The stacked BiLSTM–Adaboost model demonstrates significant advantages in GABA detection. Its core strength lies in fully leveraging BiLSTM’s deep processing capability for spectral sequence information, enabling it to accurately capture latent dependencies between different wavelengths [60]. Simultaneously, by utilizing Adaboost’s ensemble learning mechanism, the model substantially enhances its fitting capacity and generalization ability for complex data. Vergara-Diaz O [61] established a detection model for wheat NIR spectral data and GABA using PLS, achieving an R2 = 0.71. Consequently, compared to traditional machine learning models, this stacked model can more efficiently handle the nonlinear relationships and long-range dependencies within spectral data, significantly improving detection accuracy. In the vitamin B9 detection, this model effectively captures the complex spectral features of folic acid molecules, markedly boosting prediction accuracy and stability. Compared to GABA detection, the key wavelengths for vitamin B9 are more broadly distributed, involving more molecular structural characteristics, which places higher demands on the model’s learning capability. The stacked BiLSTM–Adaboost model [62], with its unique architecture and ensemble learning advantages, successfully meets this requirement.
However, this study still has certain limitations. Firstly, the limited sample size—covering only 190 samples from 19 varieties across one production region—may affect the model’s generalizability. Future research should expand the scope and quantity of samples to enhance the model’s robustness. Secondly, potential issues in broader application exist: as foxtail millet from different regions varies in growth environments (e.g., soil, climate), its GABA and vitamin B9 content and spectral characteristics may differ.

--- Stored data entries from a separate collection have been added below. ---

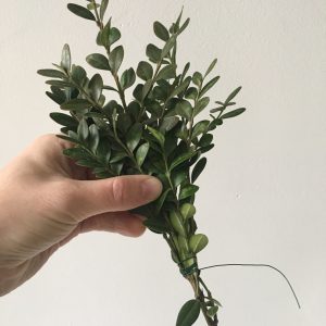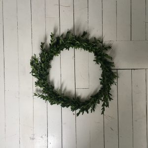 For my next wreath I went larger and opted to use only boxwood. While making wreaths this way is quite simple to do, it is still time consuming. Plan accordingly. Two bundles of branches made one small wreath (approx. 7 inches), 2 large wreaths (13-15 inches–my friend Alanna made the second) and one long garland for my front window (10 feet long).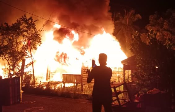 LABUHANBATU UTARA, mediaberantaskriminal.com – Desa Sialang Taji, Kecamatan Kualuh Selatan, Kabupaten Labuhanbatu Utara, Sumatera Utara, dilanda musibah kebakaran yang menghanguskan 4 rumah warga pada Senin (16/03/2026) sekitar pukul 19.14 WIB, di waktu berbuka puasa dan sholat Maghrib. Api dengan cepat membakar bangunan semi permanen, sehingga 4 rumah ludes terbakar tanpa sisa.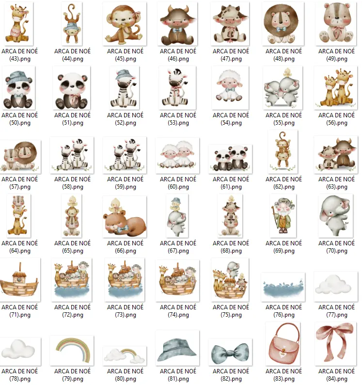 Encante-se com este maravilhoso conjunto temático inspirado na história da Arca de Noé, com ilustrações em estilo aquarelado que trazem delicadeza e charme aos seus projetos criativos.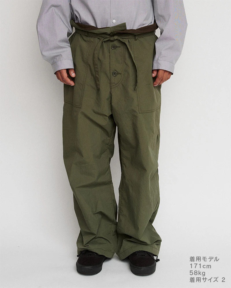 ハイウエストで大きく設定されたウエストを共布ベルトで締めるとパンツ端が反り返りベルト裏の別布が見えるよう設定したパンツ。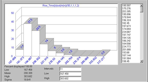 Значения выбранной характеристики F во всех реализациях выведены в окне в правой части экрана. Ниже него приведено окно, в котором можно задать количество интервалов разбиения, области определения анализируемой характеристики F (Intervals) и значения ее границ (Low, High).

The model’s applicability to millet from other production areas requires further validation. Finally, limitations arise in real-time or field applications. The current detection process requires professionals to operate spectrometers and perform data preprocessing, making it challenging to meet the demand for rapid field detection. Subsequent efforts should integrate portable spectral devices and lightweight model algorithms to optimize the detection process and reduce detection time, thereby improving practicality.

5. Conclusions

This study focuses on the application of near-infrared spectroscopy (NIRS) technology for the nondestructive detection of γ-aminobutyric acid (GABA) and vitamin B9 in millet. Innovatively, it proposes four key variable extraction strategies—iRF-CARS, iRF-BOSS, iVISSA-CARS, and iVISSA-BOSS—and establishes detection models centered on these strategies.
Initially, the study systematically analyzed the GABA and vitamin B9 content across diverse millet varieties. The results indicated significant inter-varietal differences, which may be closely associated with factors such as the millet’s genetic characteristics and environmental adaptability. These findings provide a critical foundation for the precise screening of nutrient-rich millet varieties.
Furthermore, the study integrates the four proposed key extraction strategies with a stacked BiLSTM–Adaboost model. The experimental results demonstrate that the key wavelength screening method introduced in this work effectively reduces data dimensionality and enhances critical information. Consequently, the stacked BiLSTM–Adaboost model exhibits significantly improved performance in detecting GABA and vitamin B9 content in millet, achieving not only substantially higher prediction accuracy but also markedly enhanced model stability.
Future research will proceed in several directions:
  • Expanding the sample size to encompass more millet varieties will facilitate investigation into the specific mechanisms by which genetic and environmental factors influence GABA and vitamin B9 content, aiming to develop more robust variety screening models.
  • For the stacked BiLSTM–Adaboost model, we plan to optimize its architecture and hyperparameters while exploring integration with other deep learning techniques to enhance its generalization capability and detection efficiency.
  • Extending the research scope to include spectral detection of other nutritional components in millet, we will leverage existing key extraction strategies and modeling expertise to establish multi-component simultaneous detection models.
This integrated approach will provide comprehensive technical support for millet quality evaluation and functional food development.

Supplementary Materials

The following supporting information can be downloaded at: https://www.mdpi.com/article/10.3390/agronomy15092077/s1, Table S1: The detailed information on tested millet varieties. Table S2: Stacked BiLSTM-AdaBoost model results using millet GABA raw data (RAW), preprocessed data (PD), and key extracted data. Table S3: Stacked BiLSTM-AdaBoost model results using millet vitamin B9 raw data (RAW), preprocessed data (PD), and key extracted data.

Author Contributions

Conceptualization, A.Z. and E.G.; methodology, G.W.; software, G.W.; validation, E.G., P.Z., and G.W.; formal analysis, E.G.; investigation, J.H.; resources, W.Y.; data curation, J.H.; writing—original draft preparation, E.G.; writing—review and editing, G.W.; visualization, W.Y.; supervision, A.Z.; project administration, A.Z.; funding acquisition, A.Z. All authors have read and agreed to the published version of the manuscript.

Funding

This research was funded by Shanxi Agricultural University Academic Revitalization Project (2023XSHF1); Shanxi Agricultural University Talent Introduction Research Start-up Project (2023BQ127); the National Key Research and Development Program of China (2023YFD1202704); the Construction Project of the National Modern Agricultural Industry Technology System (CARS-06-14.5-A21); and the Construction Project of the Modern Agricultural Industrial Technology System in Shanxi Province (2023CYJSTX04-04).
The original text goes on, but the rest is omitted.